Closed stsp closed 8 years ago
Open question.
In fact, since autoconf already contains dosemu2 as a name, and the spec file for fedora does the same, I believe the packager would have to have a really good arguments for messing around changing the name back to "dosemu". Also it may be quite confusing if people start to report dosemu2 bugs to dosemu1 tracker. Most important to note is the license difference. So there is probably no other way than to package it as dosemu2. The problem with that is that they'll likely have to drop dosemu1 then, as they use the same pathes... If that problem is to ever arise and they don't want to drop dosemu1, we can end up changing the pathes, which I really hope to avoid. So I'd say lets package it as dosemu2, see what problems arise, and solve them one by one. It is nearly impossible to package it as "dosemu". Anyway, this all is a distant future, so why to care.

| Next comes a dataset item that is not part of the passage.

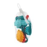 Ta kompaktni komplet za pesek spodbuja otroško domišljijo in fino motoriko. Zaradi lahkega in trpežnega plastika dobro leži v malih rokah in je idealen za prve igre v peskovniku. Praktična mrežica ohranja vse dele skupaj ter olajša prenašanje in sušenje po igri ob vodi.

which paths, paths to hold dosemu config, documentation, helper files? or paths to the (default) DOS to boot from? My preference would be dosemu2 has its own paths, as per previous comments I think it is relatively important to allow people to try out dosemu2 separately without disrupting an existing dosemu1 setup, and that potentially there may be need to be able to run both at same time.
I think most system paths would not be a problem I.e. /usr/share/dosemu2 /etc/dosemu2 etc, but the real issue will be /usr/bin/dosemu which I think would have to be maintained for script usage etc. Perhaps that's where the 'alternatives' package would come in, but I suspect that would mean repackaging dosemu 1.4 to be complient?
-------- Original message -------- From kalpha2 notifications@github.com Date: 25/05/2016 07:53 (GMT+00:00) To stsp/dosemu2 dosemu2@noreply.github.com Subject Re: [stsp/dosemu2] remove DOSDRIVE_D and drive_z? (#177)
which paths, paths to hold dosemu config, documentation, helper files? or paths to the (default) DOS to boot from? My preference would be dosemu2 has its own paths, as per previous comments I think it is relatively important to allow people to try out dosemu2 separately without disrupting an existing dosemu1 setup, and that potentially there may be need to be able to run both at same time.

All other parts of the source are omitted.